=== Begin Enclosure ===
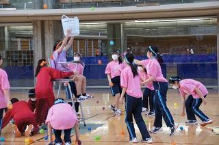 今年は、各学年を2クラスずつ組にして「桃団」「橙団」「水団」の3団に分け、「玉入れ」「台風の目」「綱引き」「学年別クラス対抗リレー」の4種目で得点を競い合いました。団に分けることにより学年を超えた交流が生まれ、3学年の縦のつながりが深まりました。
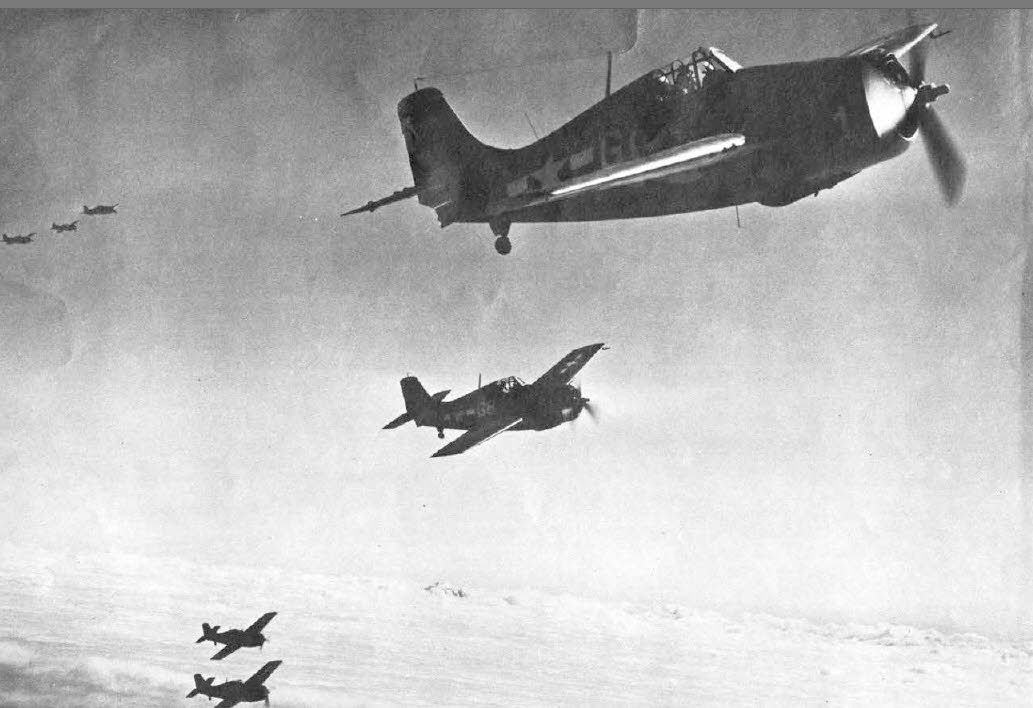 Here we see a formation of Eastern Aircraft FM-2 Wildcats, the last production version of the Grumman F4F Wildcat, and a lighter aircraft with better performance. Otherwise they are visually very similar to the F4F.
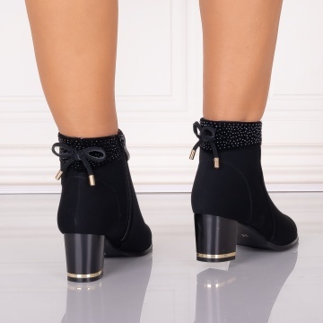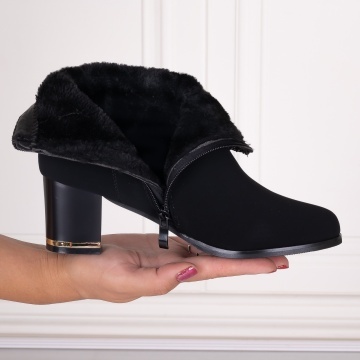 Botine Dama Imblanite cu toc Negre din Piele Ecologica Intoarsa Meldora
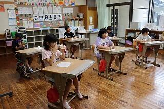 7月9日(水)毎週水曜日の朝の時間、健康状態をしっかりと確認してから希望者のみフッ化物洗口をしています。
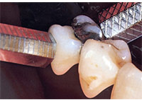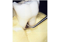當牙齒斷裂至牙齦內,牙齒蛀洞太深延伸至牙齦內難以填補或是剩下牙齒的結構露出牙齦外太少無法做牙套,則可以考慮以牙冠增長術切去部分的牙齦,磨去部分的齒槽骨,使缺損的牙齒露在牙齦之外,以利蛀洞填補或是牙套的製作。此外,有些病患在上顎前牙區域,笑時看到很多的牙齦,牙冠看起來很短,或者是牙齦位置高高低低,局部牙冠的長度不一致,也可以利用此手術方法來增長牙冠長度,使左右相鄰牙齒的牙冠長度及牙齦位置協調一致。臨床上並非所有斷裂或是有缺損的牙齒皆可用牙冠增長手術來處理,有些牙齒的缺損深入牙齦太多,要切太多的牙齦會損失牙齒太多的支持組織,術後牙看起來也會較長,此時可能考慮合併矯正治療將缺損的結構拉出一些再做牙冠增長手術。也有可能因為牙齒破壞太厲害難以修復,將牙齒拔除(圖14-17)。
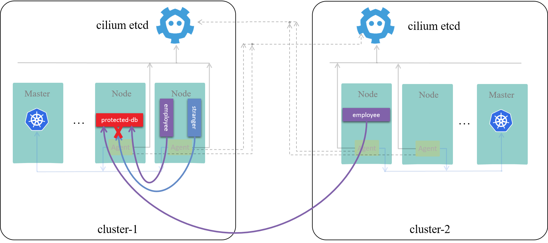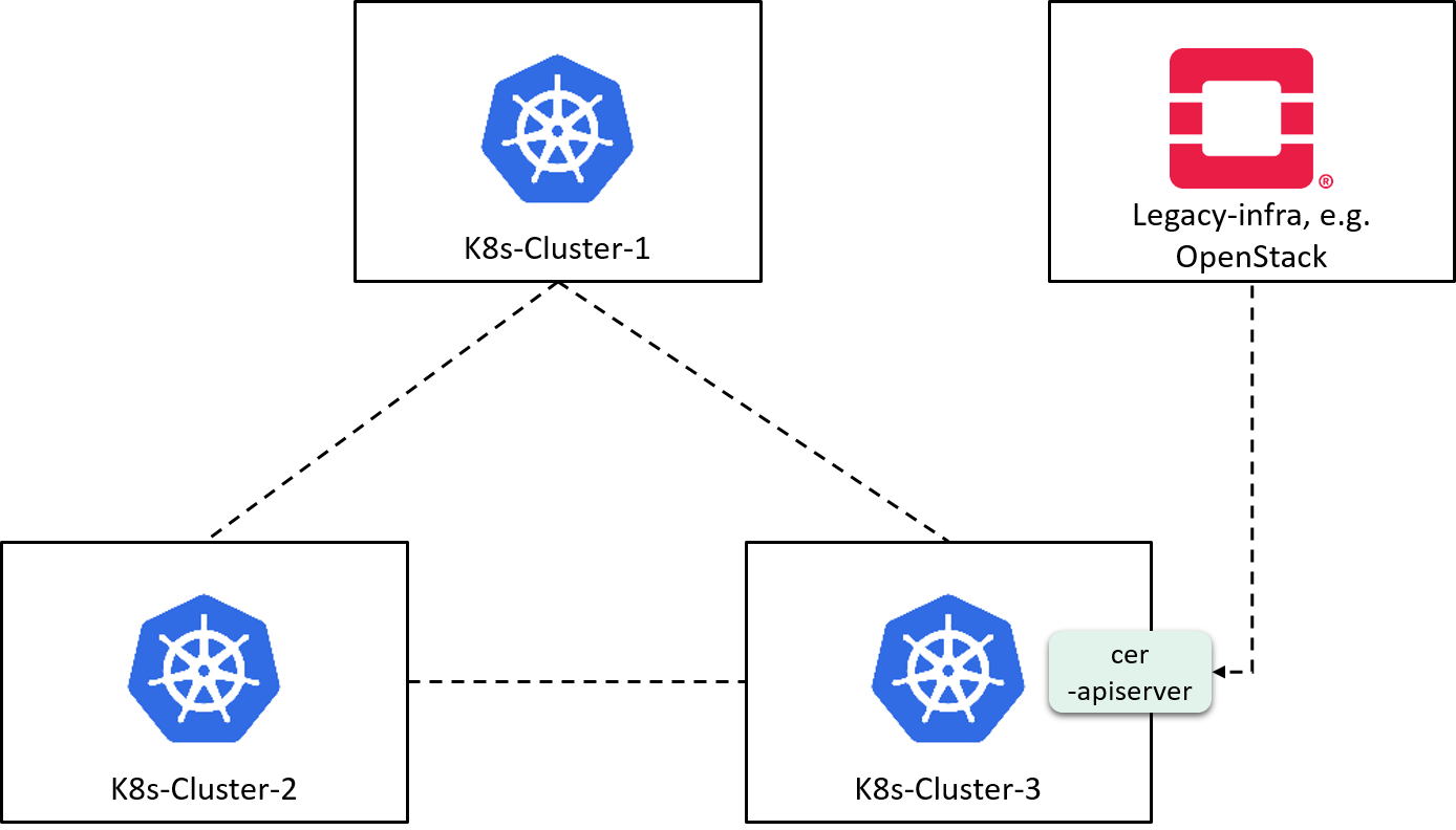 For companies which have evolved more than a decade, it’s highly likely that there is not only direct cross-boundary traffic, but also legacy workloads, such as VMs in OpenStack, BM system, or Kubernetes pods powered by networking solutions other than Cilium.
=== End Enclosure ===
=== Begin Enclosure ===
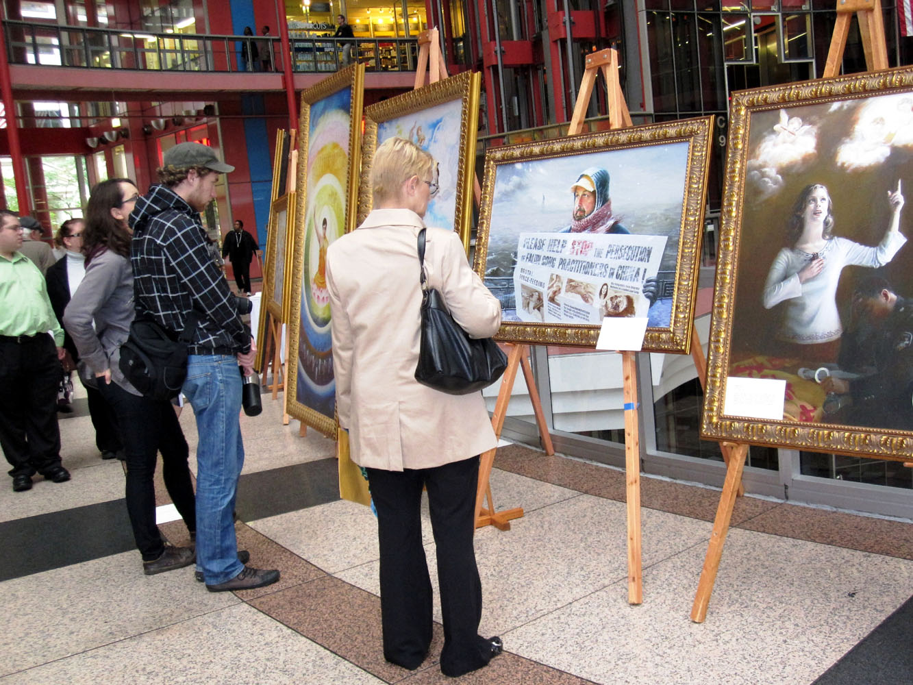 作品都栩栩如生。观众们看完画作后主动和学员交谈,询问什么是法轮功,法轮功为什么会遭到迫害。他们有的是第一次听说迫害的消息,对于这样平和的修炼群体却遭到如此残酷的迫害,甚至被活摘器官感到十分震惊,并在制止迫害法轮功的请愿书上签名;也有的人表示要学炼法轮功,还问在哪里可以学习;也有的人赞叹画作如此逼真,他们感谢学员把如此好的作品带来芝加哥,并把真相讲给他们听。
=== End Enclosure ===
=== Begin Enclosure ===
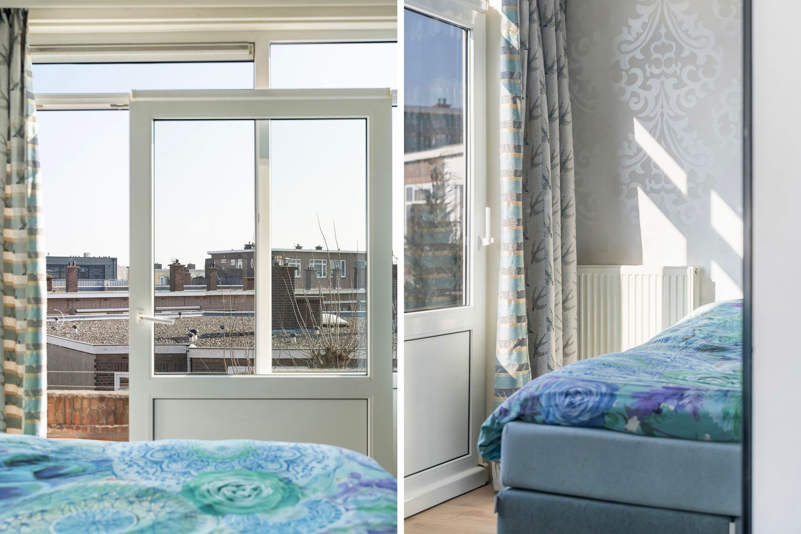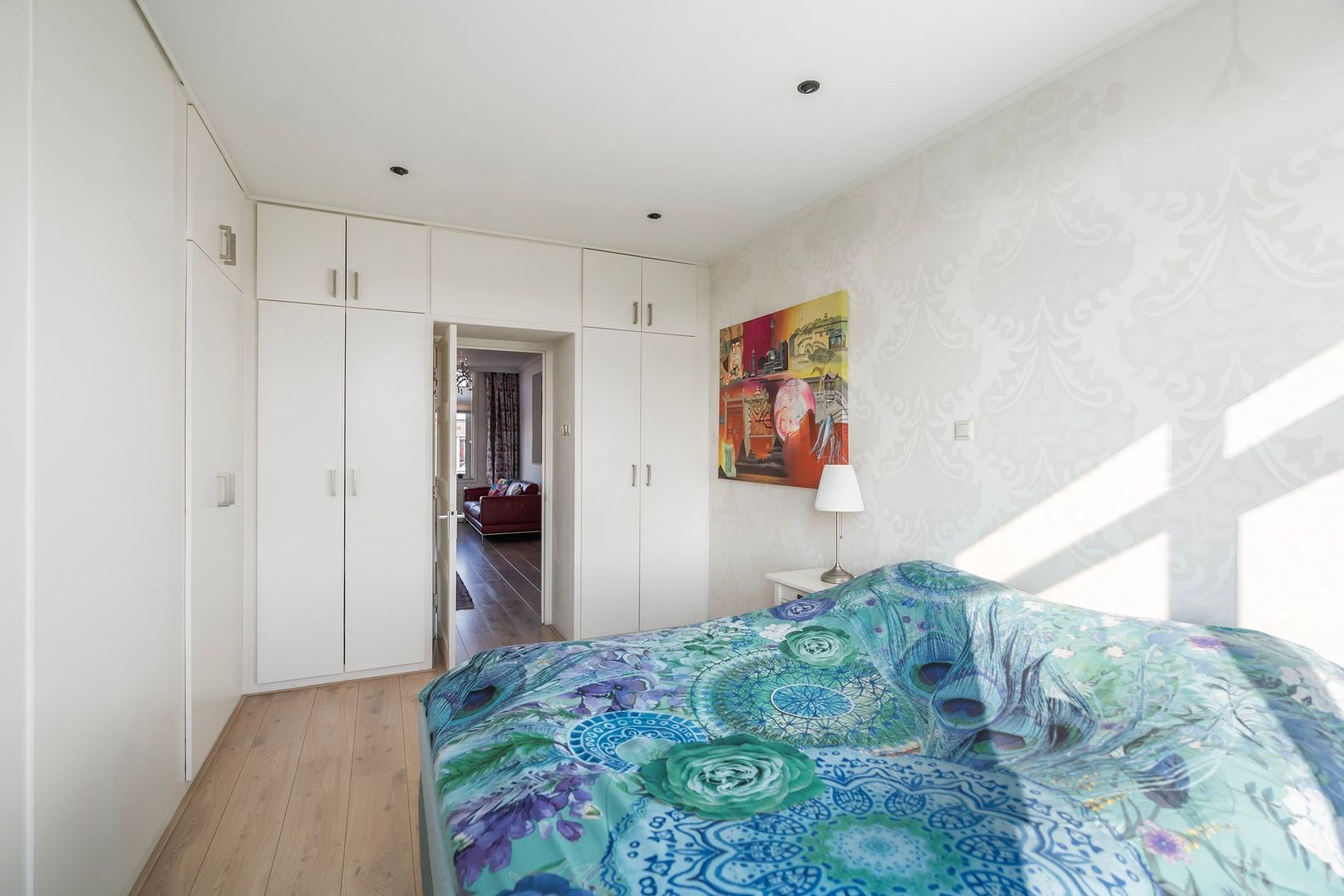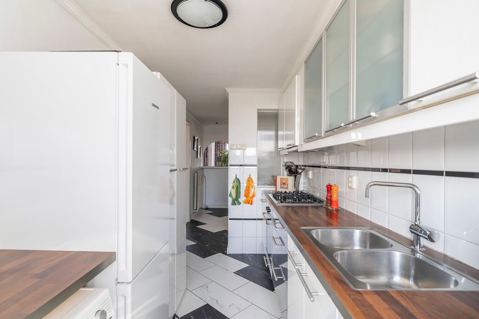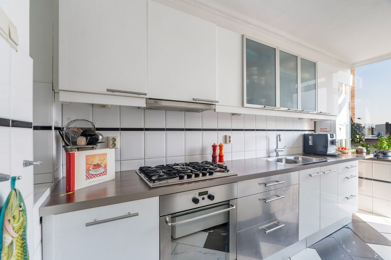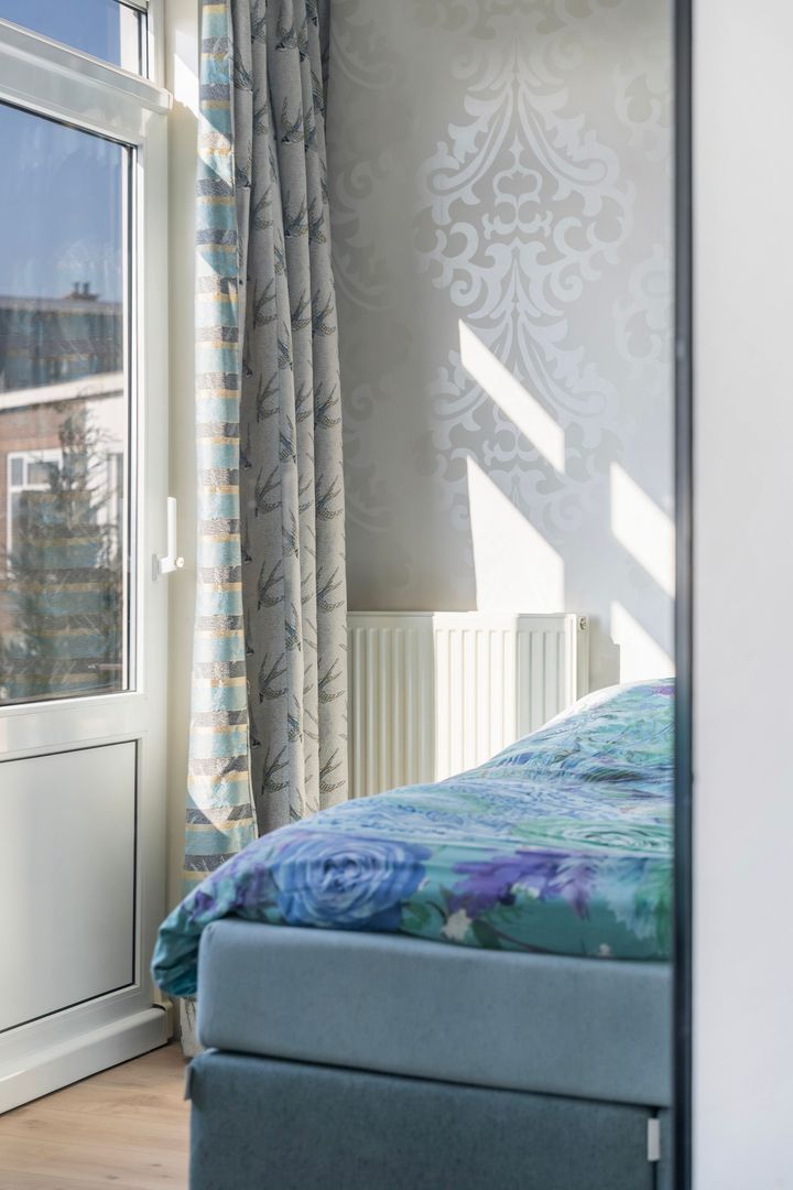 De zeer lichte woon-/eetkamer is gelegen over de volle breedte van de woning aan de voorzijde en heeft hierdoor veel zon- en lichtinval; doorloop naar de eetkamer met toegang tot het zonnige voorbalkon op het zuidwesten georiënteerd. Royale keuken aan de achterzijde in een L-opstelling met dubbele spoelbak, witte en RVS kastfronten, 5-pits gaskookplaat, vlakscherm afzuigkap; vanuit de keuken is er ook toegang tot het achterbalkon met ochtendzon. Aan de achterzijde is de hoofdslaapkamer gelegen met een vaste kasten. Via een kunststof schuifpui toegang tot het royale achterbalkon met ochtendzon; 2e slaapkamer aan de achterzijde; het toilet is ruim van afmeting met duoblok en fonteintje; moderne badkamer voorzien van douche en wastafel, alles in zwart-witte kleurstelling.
=== End Enclosure ===
# EXERCISE GOAL
Return, exactly as they stand, the lines above from the one with "今年は、各学年を2クラスずつ" to the one with "For companies which", omitting any pictures among them.

# WRITTEN RESPONSE
 今年は、各学年を2クラスずつ組にして「桃団」「橙団」「水団」の3団に分け、「玉入れ」「台風の目」「綱引き」「学年別クラス対抗リレー」の4種目で得点を競い合いました。団に分けることにより学年を超えた交流が生まれ、3学年の縦のつながりが深まりました。
 Here we see a formation of Eastern Aircraft FM-2 Wildcats, the last production version of the Grumman F4F Wildcat, and a lighter aircraft with better performance. Otherwise they are visually very similar to the F4F.
 Botine Dama Imblanite cu toc Negre din Piele Ecologica Intoarsa Meldora
 7月9日(水)毎週水曜日の朝の時間、健康状態をしっかりと確認してから希望者のみフッ化物洗口をしています。
當牙齒斷裂至牙齦內,牙齒蛀洞太深延伸至牙齦內難以填補或是剩下牙齒的結構露出牙齦外太少無法做牙套,則可以考慮以牙冠增長術切去部分的牙齦,磨去部分的齒槽骨,使缺損的牙齒露在牙齦之外,以利蛀洞填補或是牙套的製作。此外,有些病患在上顎前牙區域,笑時看到很多的牙齦,牙冠看起來很短,或者是牙齦位置高高低低,局部牙冠的長度不一致,也可以利用此手術方法來增長牙冠長度,使左右相鄰牙齒的牙冠長度及牙齦位置協調一致。臨床上並非所有斷裂或是有缺損的牙齒皆可用牙冠增長手術來處理,有些牙齒的缺損深入牙齦太多,要切太多的牙齦會損失牙齒太多的支持組織,術後牙看起來也會較長,此時可能考慮合併矯正治療將缺損的結構拉出一些再做牙冠增長手術。也有可能因為牙齒破壞太厲害難以修復,將牙齒拔除(圖14-17)。
 For companies which have evolved more than a decade, it’s highly likely that there is not only direct cross-boundary traffic, but also legacy workloads, such as VMs in OpenStack, BM system, or Kubernetes pods powered by networking solutions other than Cilium.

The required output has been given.